Dan is a very friendly guy. When we first arrived at our site at the Blanding RV Park, he struck up a conversation with another camper who stays there for a month at a time and loves it. The guy told Dan about a place to visit in Blanding that wasn’t particularly well known.
It was just 3 miles or so to the Five Kiva Ruin according to his directions, although Google tried to take us on a different road to the west side of the ruin. If we had trusted Google we would have traveled many more miles and still wouldn’t have been able to easily see the ruin.
Five Kiva Ruin hasn’t been protected. There are no rangers present to control access at the ruin. There is a trail going down the cliff side and up the other side to enter the ruin. It has been vandalized over the years, but from our viewpoint on the east side of the canyon it looked wonderful.
The drive north to Moab was only 75 miles and we enjoyed the early morning time to visit the ruin before departing for our next camp. Dan hiked down the trail a bit but toward the bottom it got lost in rocks and brush so he decided against attempting to get closer to the ruin.
Along the road to the ruin is a view of a natural bridge on the opposite side of the small, narrow canyon. The bridge is parallel to the canyon and doesn’t cross it so it a bit difficult to see in the morning light. Look closely at the photo above in the upper right, the bridge is the lighter colored rock toward the top of the photo and the opening behind it was eroded by water to create the bridge.
Returning to our camp, we were packed up and on the road by 11. The highway is decent between Blanding and Moab, passing through the tiny town of Monticello. When traveling in Utah if one is interested in beer or wine it is important to know that neither of those items can be purchased in a grocery store, or on a Sunday anywhere. We stopped in Monticello at the state liquor store on the way back from the Needles on Saturday and found the wine and beer selection to be sadly limited. If you want good wine or dark craft beer, bring it with you to Utah.
Before long we passed the turn to the Needles and the beautiful La Sal mountains dominated the sky to the northeast. The highest peak in the La Sals is more than 12,000 feet high and is the highest point on the Colorado Plateau.
The salmon pink slickrock formed in Navajo and Entrada sandstone forms lovely domes and soft eroded shapes that dominate the landscape as the highway approaches Moab.

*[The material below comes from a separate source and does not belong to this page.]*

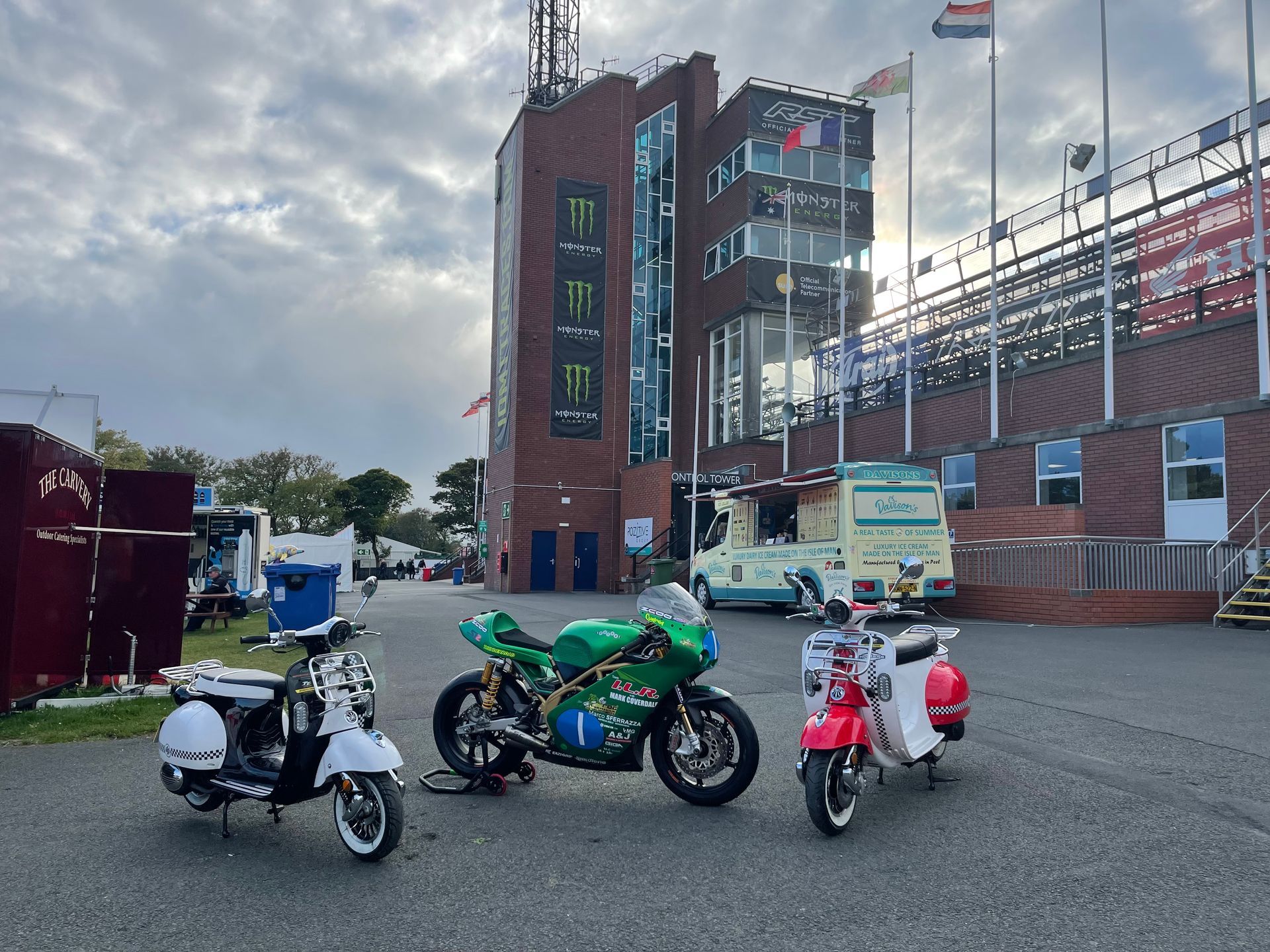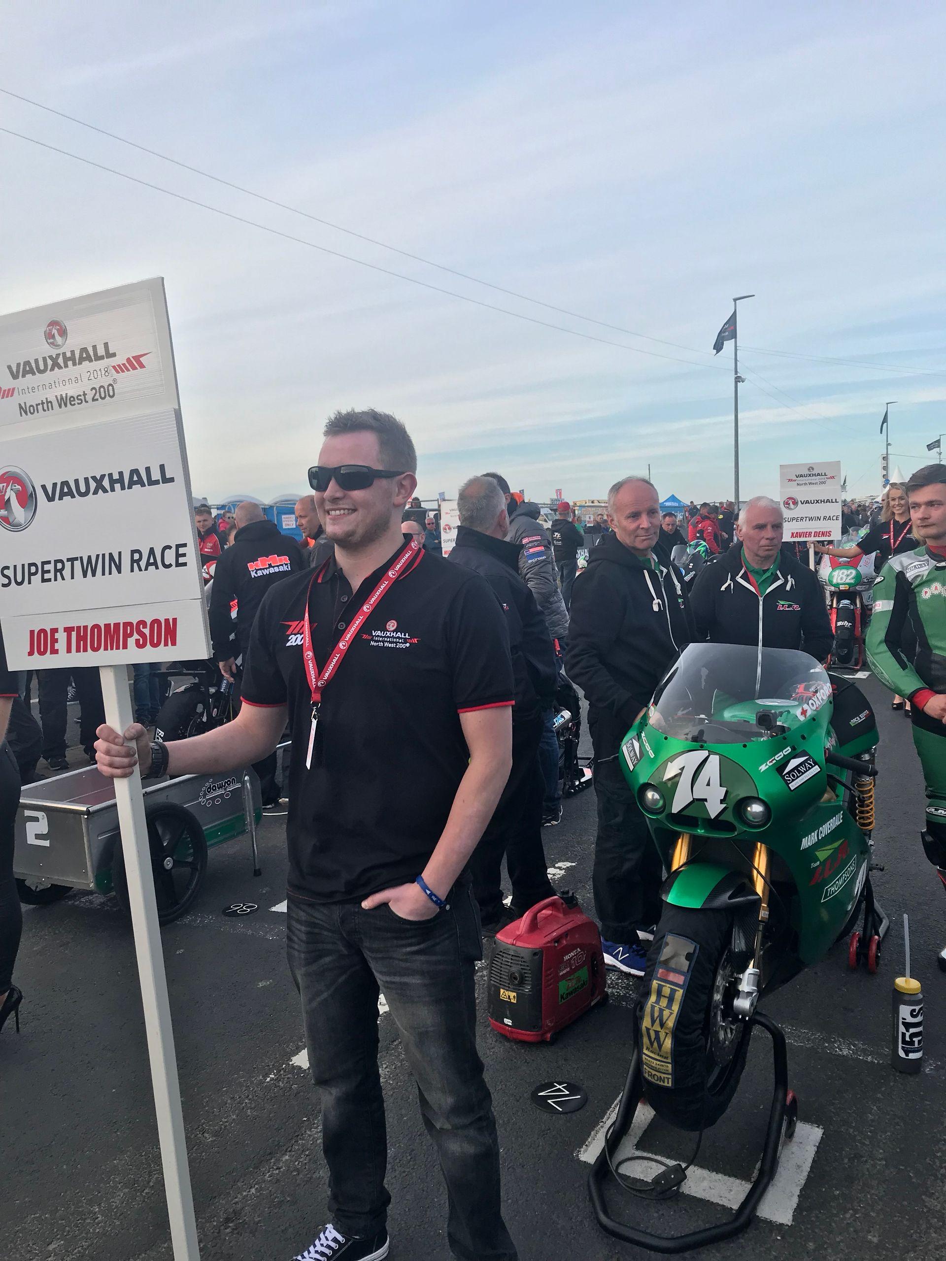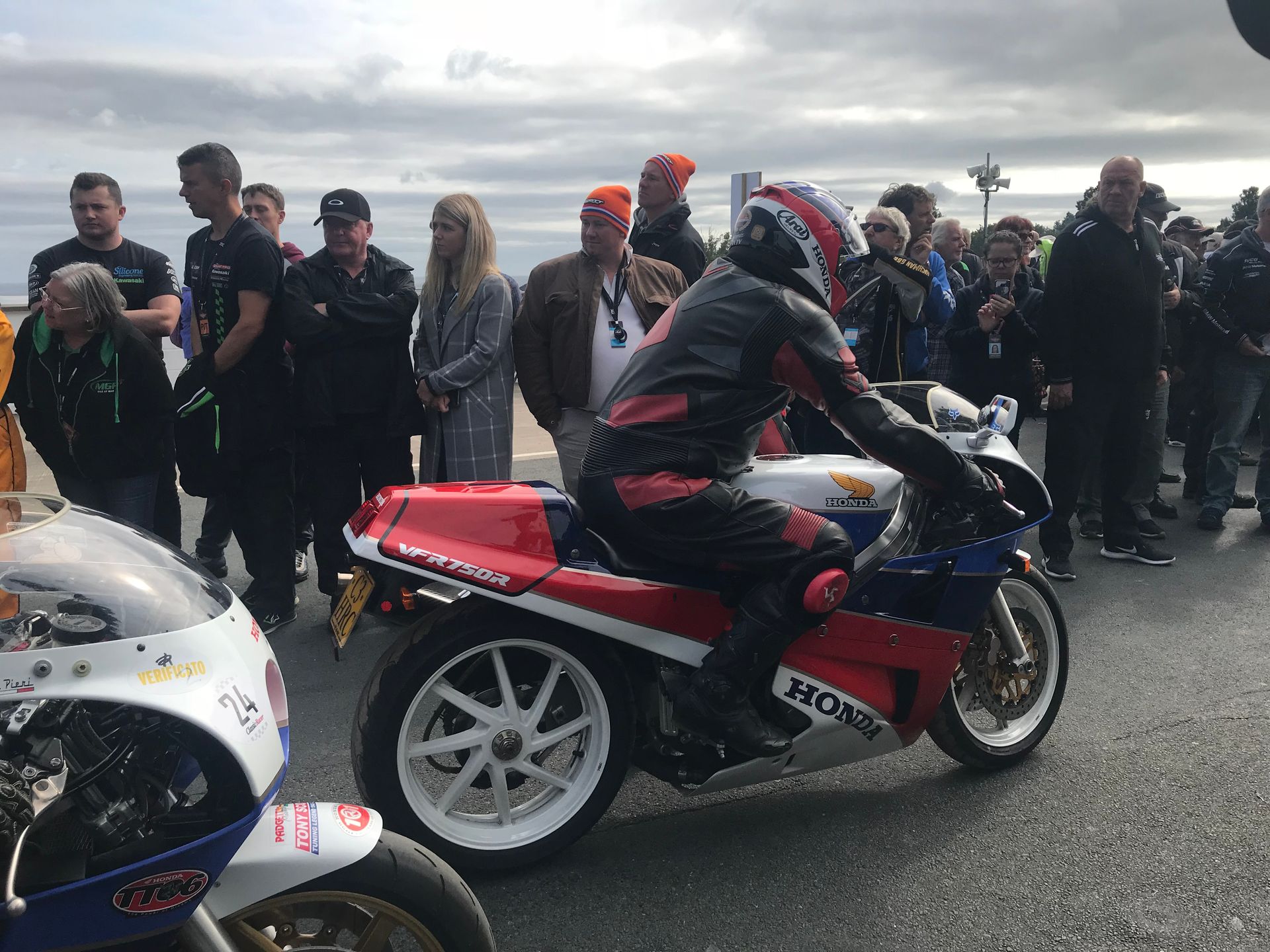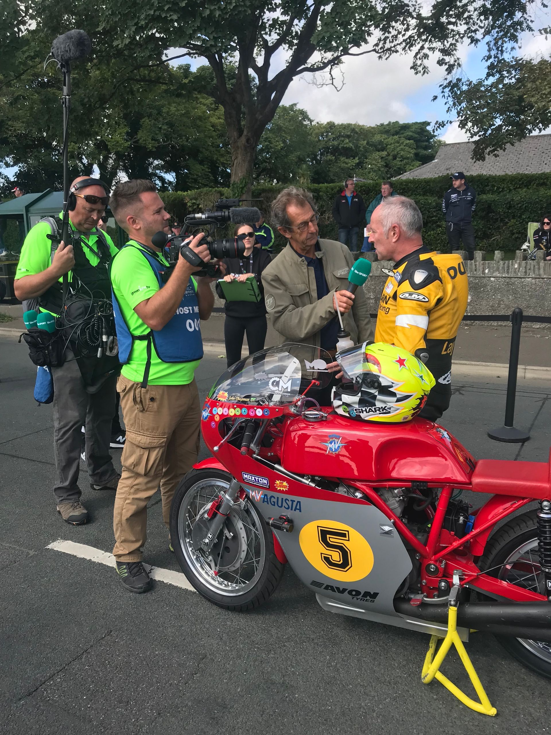 Mick was brilliant, most of the buyers of the platinum tickets were corporate, so not really there for the bikes, and had soon wandered off, leaving just a handful of us with Mick and he looked after us so well. Just before practice he bundled us into a borrowed course car and went off to visit an old lady Mick knew who had bungalow on Bray hill. We had tea and cake while bikes flew by at 180mph inches away from us as we sat on her garden wall. It was so raw and physical, the sound, the smell and the pulse of energy that surged through your body is indescribable. If you’ve never done it, get in a hedge on the circuit for an experience of your life. Intoxicating and addictive. He also introduced us to Davison’s Ice cream, possibly the best in the world. Walking round the paddock and on the grid we met everyone and really felt part of the excitement.

We saw a scenic turnout at Wilson Arch, a dramatic window right next to the highway. The parking area was filled, and there were quite a few people crawling up to the arch on the short trail. It was a pretty introduction to our next few days which would be dominated by many arches.
We arrived at the Moab KOA RV Park just after the official 1PM check in time. Our sites were in the upper newer section of the park, with some young trees, sites that were well spaced, and a random occurrence of cement patios. We happened to get a site with a cement patio. Because of this piece of luck, the four of us ate most of our meals at our patio.
Our experience at the park was quite pleasant, with the highway noise only slightly tiresome in the early evening. The people in the part of the park where we camped were considerate and quiet. Most had some form of ATV with them, or a high clearance vehicle of some kind. Others had both, in addition to their electric bikes. I never heard any noise or partying during the entire three nights we camped at the park.
A moment of serendipity happened while we were in Moab. I received a text message from an old friend from my life in Coeur d Alene almost 20 years ago. Joan and her husband, Gordon, had just arrived in Moab and knew from my blog that we were there. In addition, another friend had also arrived in Moab at the same time. Patty and Les and Joan and Gordon were camped in the same park and planned on spending a few days together in the area.
We set up a time to meet and I drove to their park for a short visit. It was great seeing them. None of this was planned, and it seemed amazing to me that all of us ended up in the same place at the same time. Small world for sure.